Exploiting Representation Similarities in Self-Supervised Learning for Vision Tasks

Stegmüller, Thomas Grégoire

doi:10.5075/epfl-thesis-11179

doctoral thesis

Exploiting Representation Similarities in Self-Supervised Learning for Vision Tasks

2025

Recent progress in computer vision has been driven by a simple yet transformative observation: the potential of 30-year-old neural networks can be unlocked by massively scaling their parameters and the amount of human-labeled training data. This breakthrough was possible thanks to advances in hardware and significant reductions in its cost.

However, the bottleneck has recently shifted from computational resources to the availability of high-quality labeled data. Beyond the prohibitive cost of data annotation, labels are often noisy and can introduce biases into learned representations. In addition, representations learned under the supervised learning paradigm tend to be task-specific, which limits their transferability. These challenges have catalyzed the rise of self-supervised visual representation learning, which is the central focus of this thesis.

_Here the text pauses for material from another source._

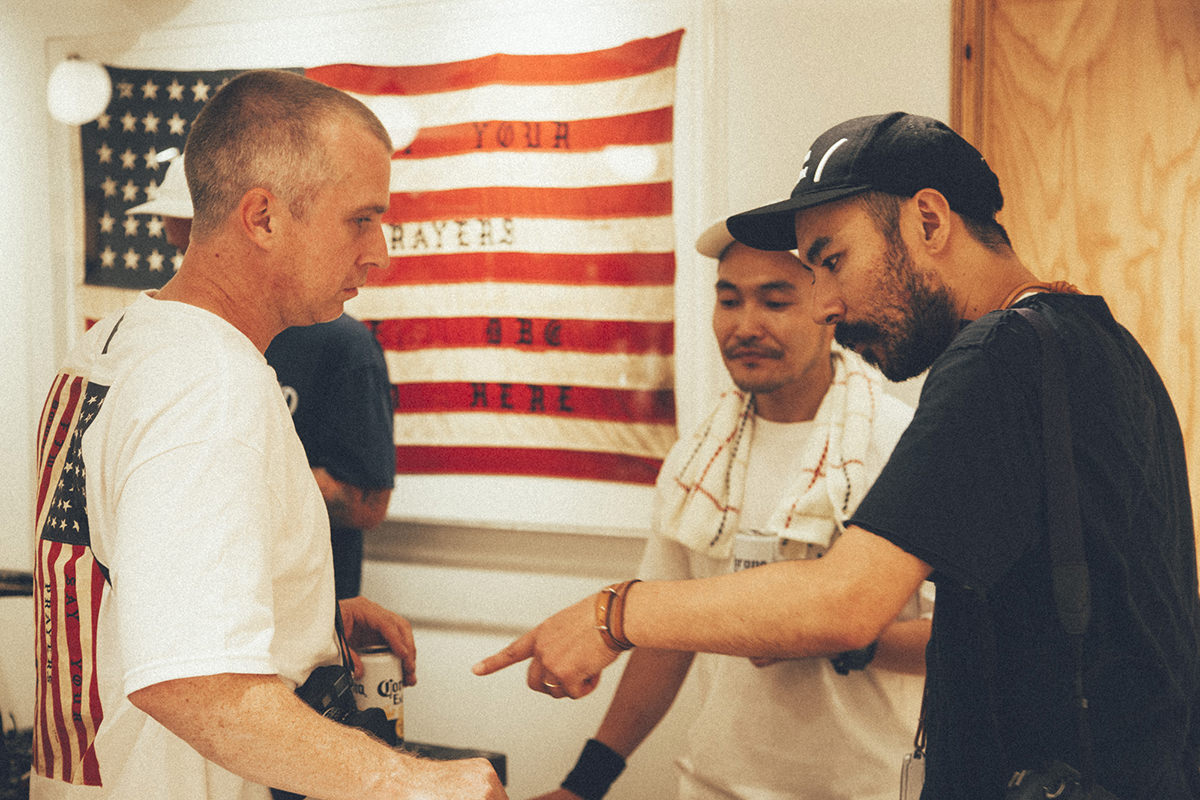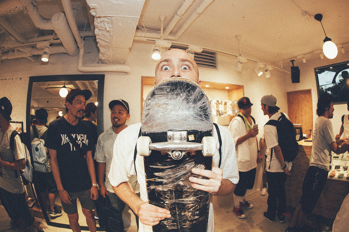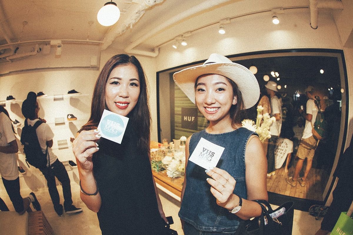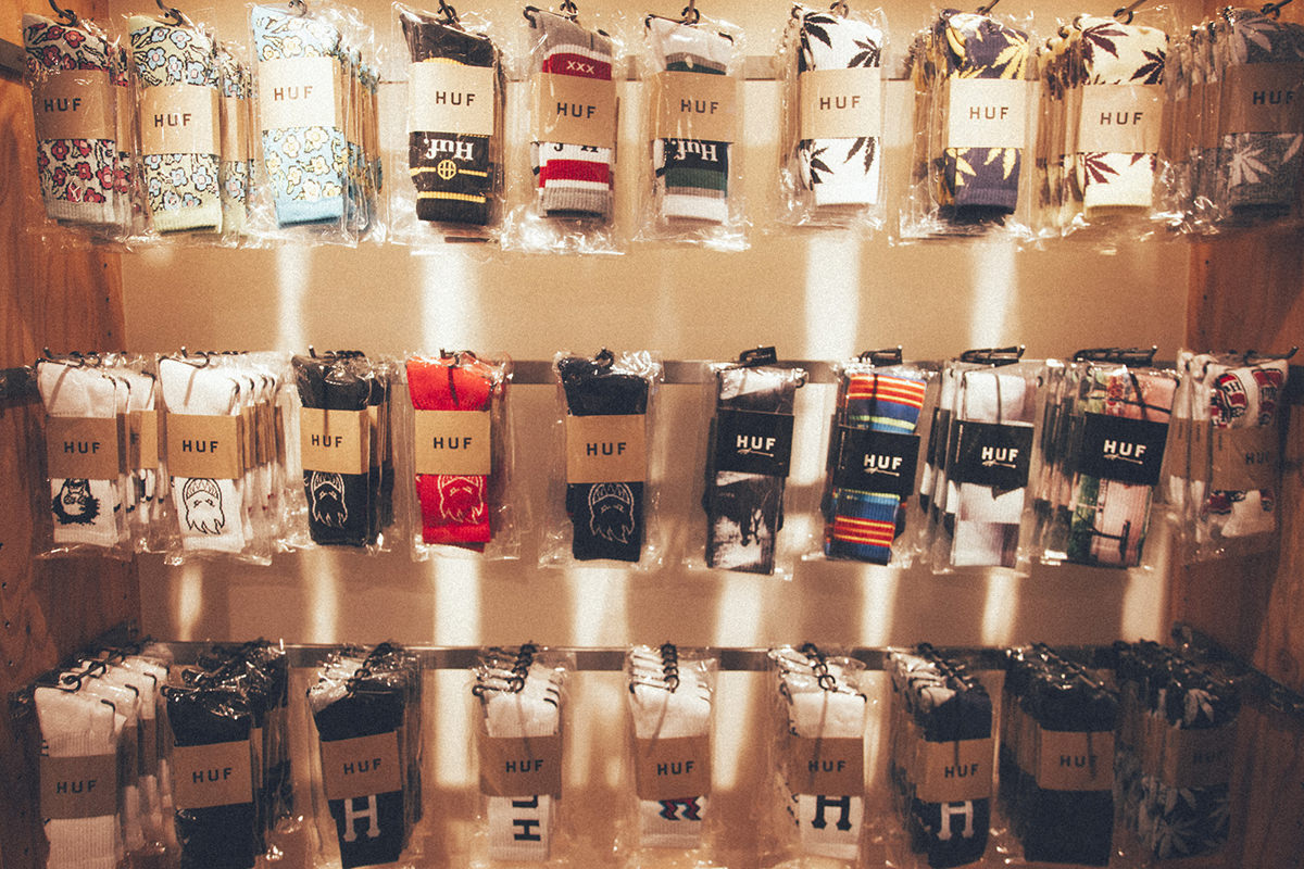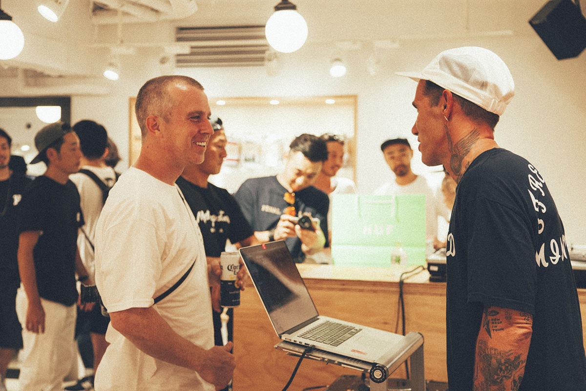 7月31日(金)にはHUF TOKYOのオープンを翌日に控え、オープニングレセプションが開催。当日はLAのHUFヘッドクオーターよりブランドディレクターであるキース・ハフナゲルと、HUF TOKYOのアートワークとしてヴィンテージフラッグを手掛けたLA在住のアーティスト、カリ・ソーンヒル・デウィットが来場。会場は多くの来場者で賑わい、それぞれがDJプレイ、フリードリンクとフリーフードを楽しみながら大盛り上がり。また店頭にはベンディングマシーンが設置され、来場者にHUFのソックスがプレゼントされたりと豪華な一夜となった。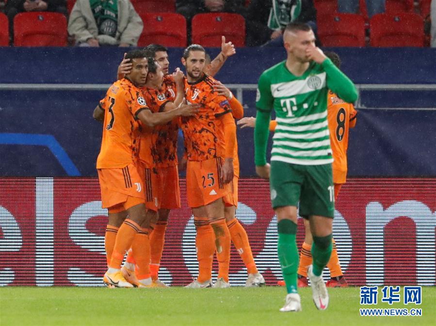 11月4日,尤文图斯队球员莫拉塔(左三)在打入本队第一粒进球后和队友庆祝。 当日,在2020-2021赛季欧冠联赛小组赛G组第三轮比赛中,意大利尤文图斯队客场以4比1战胜匈牙利费伦茨瓦罗斯队。 新华社/路透

This manuscript places special emphasis on advancing self-supervised learning by leveraging the knowledge acquired by the model during training. First, we move beyond standard self-distillation objectives that enforce cross-view consistency by encouraging similarity between different images. This leverages the model's ability to identify valid pairs.

Next, we discuss self-supervised pre-training for dense downstream tasks by deriving supervisory signals at the object resolution rather than at the image resolution. This approach exploits the model's capacity to identify semantically coherent region pairs across views.

Building on these contributions, we design a distillation framework that enforces consistency between object pairs across different images, resulting in a model well-suited for in-context scene understanding. This enables visual tasks such as semantic segmentation using labeled examples, without the need for fine-tuning.

Finally, we target zero-shot semantic segmentation by aligning object-level representations across vision and language modalities, leveraging only image-caption pairs.